Regulating Emotions – a Life Skill our kids need

Regulating emotions is a dry expression used by psychological professionals to describe being able to calm down and not freak out for too long when you’re upset. It’s the difference between a five minute cry over a boo-boo (physical or emotional) and an hour-long drama.

Nobody likes the latter. When grownups do it, it’s appalling and scary. When kids do it they lose friends and alienate teachers and other professionals. And it drives parents crazy.

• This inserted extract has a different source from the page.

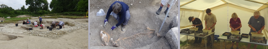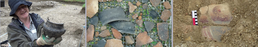 Our excavation in 2022 was at a new site in Meonstoke, and directed by Professor Tony King. Geophysics conducted in the area revealed an unusually large ditch, believed to be an Iron Age Hillfort. Within the ditch area a number of anomalies (changes) were discovered, consistent with Iron Age settlement. The aim of the excavation was to locate one of these features, believed to be an Iron Age roundhouse and provide dating evidence to support the results of the geophysics. However, our discoveries included a Bronze Age ring ditch and Saxon pits. One of the Saxon pits within the ring ditch cut through a human burial. We are now in the process of getting these bones radiocarbon dated.
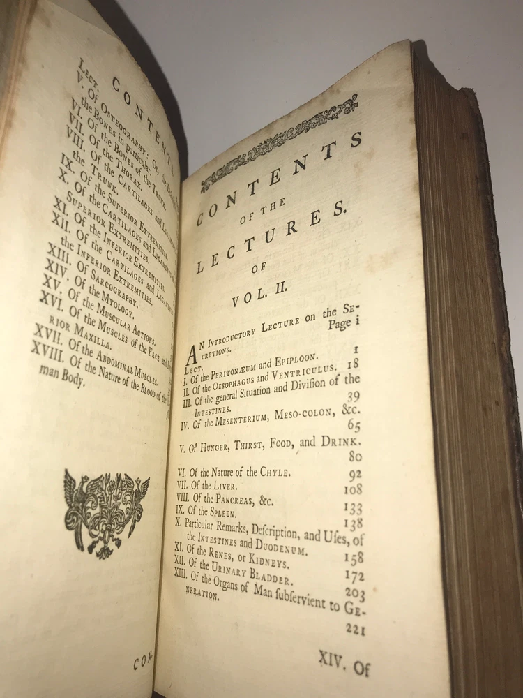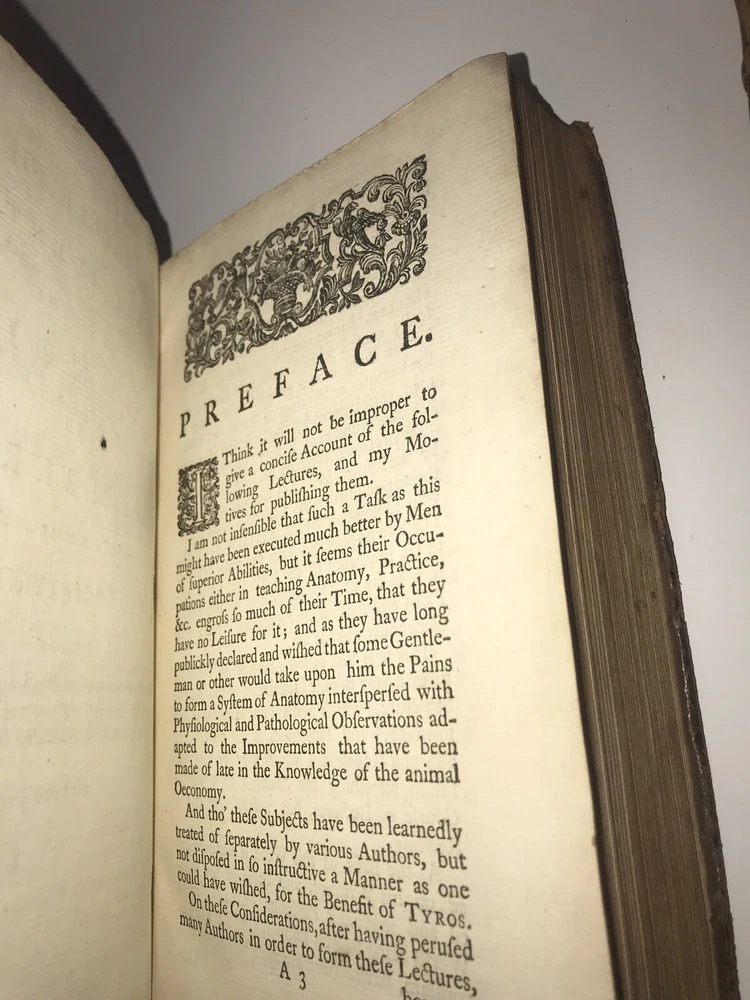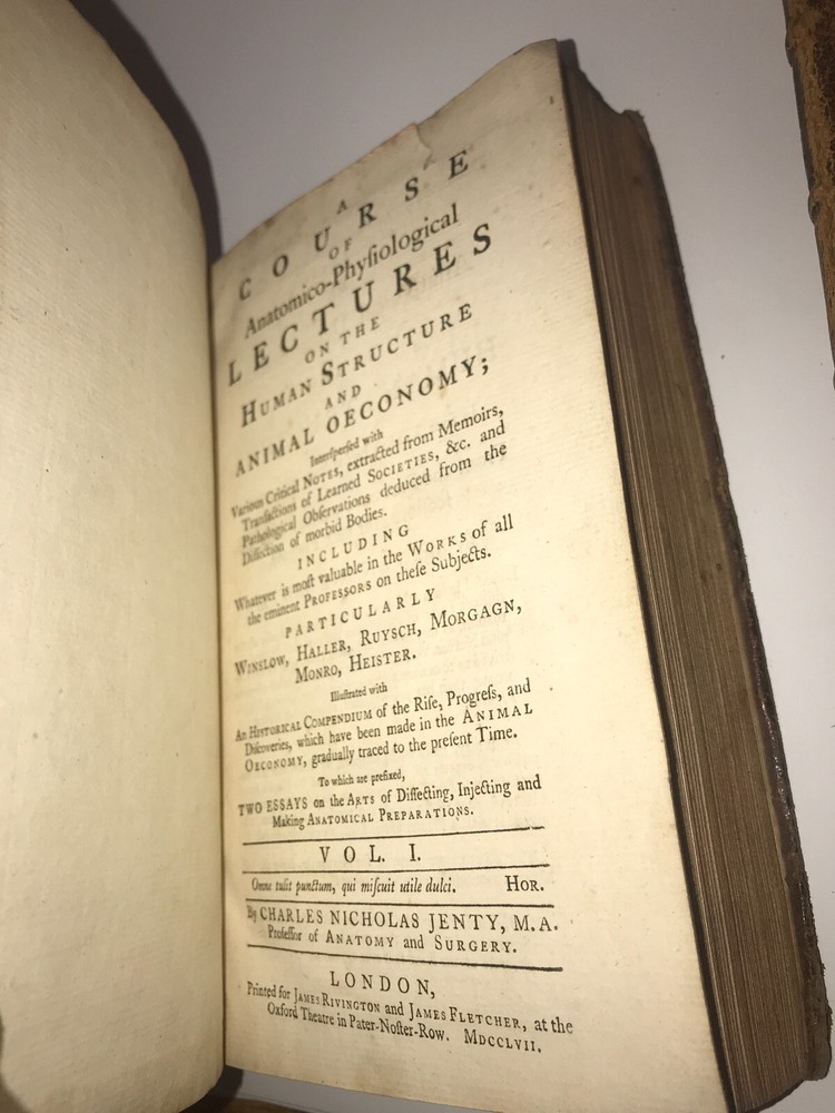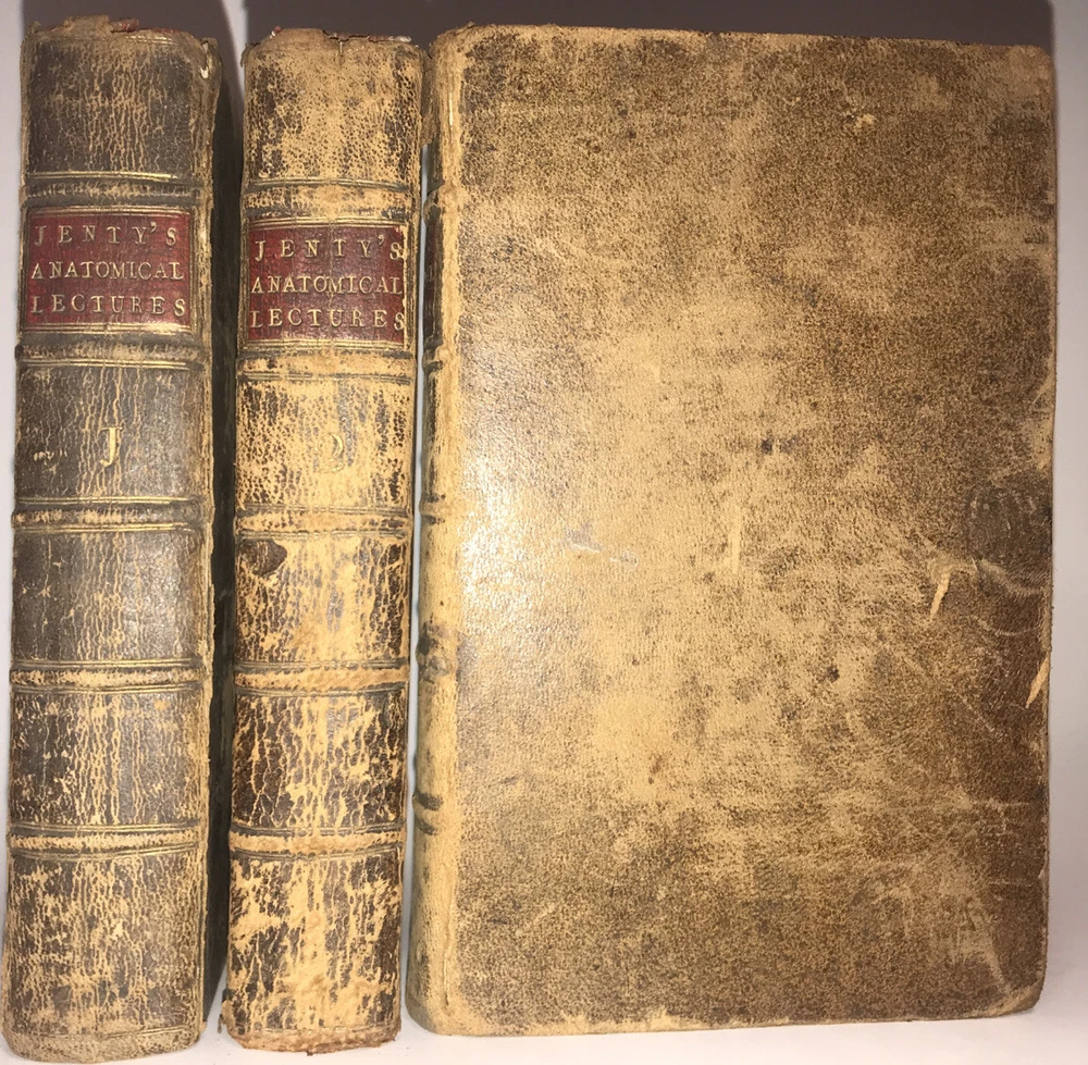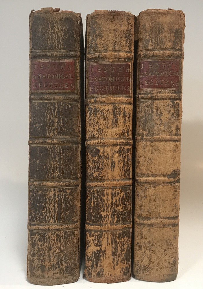 A COURSE OF ANATOMICO-PHYSIOLOGICAL LECTURES ON THE HUMAN STRUCTURE! Complete in 3 volumes. Printed in 1757. FIRST EDITION / FIRST PRINTING. This set is not illustrated. This set contains an advertisement o n the verso of the title page for his previous mezzotints. Those mezzotints in the advertisement currently retail at $5000 each, $35000 for a complete set. This set is not illustrated. By Nicholas Jenty, the famous author of: An essay on the Demonstration of the Human Structure, Half as Large as Nature, in Four Tables, from the Pictures Painted after Dissections, for that Purpose. (That book is impossible to find, was a massive undertaking to produce, and the plates sell individually at $5000. The most recent auction record for a single plate is $4750 + 15% = $5462.50, they’re scarce and they don’t come up for auction, which increases the value of this work by association.) This Anatomico-Physiological Lectures was printed the following year, and it includes an advertisement on the rear of the title page for the prior work, referencing the four tables done in mezzotints. This work printed the following year has significance on it’s own, as well as value by association with the significant mezzotints in the previous work.All works by Jenty are scarce. The print count was low and it is unlikely that these works will be available. Provenance: This set was imported from the United Kingdom from a large bookshop that acquired the Royal college Of Surgeon’s Library. This copy is not ex library. _______ By Charles Nicholas Jenty, the famous author of: Humanae structurae demonstrationes, An Essay on the Demonstration of the Human Structure, Half as Large as Nature, in Four Tables, from the Pictures Painted after Dissections, for that Purpose (London: Printed for, and Sold by, The Author, at his House in Fetter-Lane, and all the Eminent Booksellers in Europe, 1756). With 4 tables, a work near impossible to find, where each table/plate sells at $5000 each, making that entire work worth likely in excess of $35,000 - $50,000. All works by Jenty are scarce. This listing is for the First Edition of his Anatomico-Lectures, printed the following year, in 1757. ____ Concerning Jenty's life nothing is known except what is stated in his publications. He was born in Paris and trained in surgery there. By around 1756 he was living in London and lecturing on anatomy, and perhaps practicing surgery from his home. ALL OF HIS PUBLICATIONS ARE EXTREMELY RARE. Anatomie de la couleur 122; Roberts & Tomlinson p. 456. On the verso of the title page is the advertisement for his Anatomical Structures. This is a significant and seldom seen first edition on Anatomy. ___ A Course of Anatomico-Physiological Lectures on the Human Structure and Animal Oeconomy. Complete 3 volume set The rare First Edition. Published by James Rivington & James Fletcher, London, 1757 x, 400pp; xxx, 568pp; 605pp. CONDITION: Covers and spine worn. Volume I- Front cover weak but holding. Top right hand corner of title page clipped. Volume II - Wear to spine head. Volume III - Top one inch of fep removed. Signature of previous owner on prelims of volumes I and II. Occasional foxing. Content in good condition. All works by Jenty are scarce.

So we have every reason in the world to teach our kids self regulation. How to? Kids learn to regulate their emotions when we teach, encourage and help them to say their feelings and then move on. But how to navigate the rock-strewn shoals between enough emoting and too much of it? We all know that too many kids today have had such a powerful microscope focused on their every move – and how they feel about it – that they can’t have a little cry and move on. Because they’ve been taught to hyper-focus on every boo-boo – large and small, physical and emotional. It’s been hard for our generation of parents to get the “moving on” part.

It’s also been hard for us to get the boundary part. I get so bound up with my kids’ well-being that sometimes I forget it’s their life, not mine. When those boundaries become invisible to me, I hyper-focus on their difficulties, which influences and teaches them to do the same. We know our generation of parents does this for three reasons: Partly in reaction to our parents, who perhaps under-focused on our issues, partly because of the pernicious myth of the possibility of perfection in parenting, and partly because we are parenting in an anxious age which seems more fraught with dangers.

But knowing all that is no reason to abandon the project of teaching kids to talk about their feelings. Not doing so causes feelings to bottle up and occasionally (and inappropriately) leak or explode. So how to teach kids to emote but not drown in their feelings?

Lesson one is for kids to experience their feelings being listened to. We all know this: When you’re upset, being heard calms you down. When you know you’ll be heard, you respond to future upsets less dramatically, you catastrophize less. You calm down faster when upset, and are thus more able to work towards solutions to problems.

This is because you learn, through appropriate venting, that most bad feelings are temporary. You know you’re going to feel better pretty soon. And that is the foundation of emotional self-regulation.

After a child vents appropriately, step two is moving on. Teaching our kids to do that requires us to notice when their venting seems ready to finish. They sound less upset, their faces look calmer, their body language relaxes. It’s important to teach them to seize this moment rather than wallow. This sounds like: “I’m so glad you told me how lousy you felt, and now it looks like you’re ready to move on. Can we do that?” If your child says yes, great, move on. If they say no, help them decode their situation more accurately, and give them tutelage in the art of letting it go and moving on: “It looks to me that you’re feeling calmer, and are ready to move on, so let’s do that.” If a child genuinely feels heard, a gentle nudge towards moving on is generally helpful.

At which point you ask your child how they want to solve the problem. Or maybe it’s something they just needed to vent about. Either way your child, having been listened to and coached to move on, now has a tool for emotional self-regulation.

They can manage their feelings without getting overwhelmed by them or stuck in a bad place. They have a foundation for working through bad experiences in a constructive way. Research tells us that children who can regulate their emotions behave better, show more empathy towards other children and are less stressed. They’re better at resolving conflicts with peers and they do better in school. How else to meet every challenge life brings?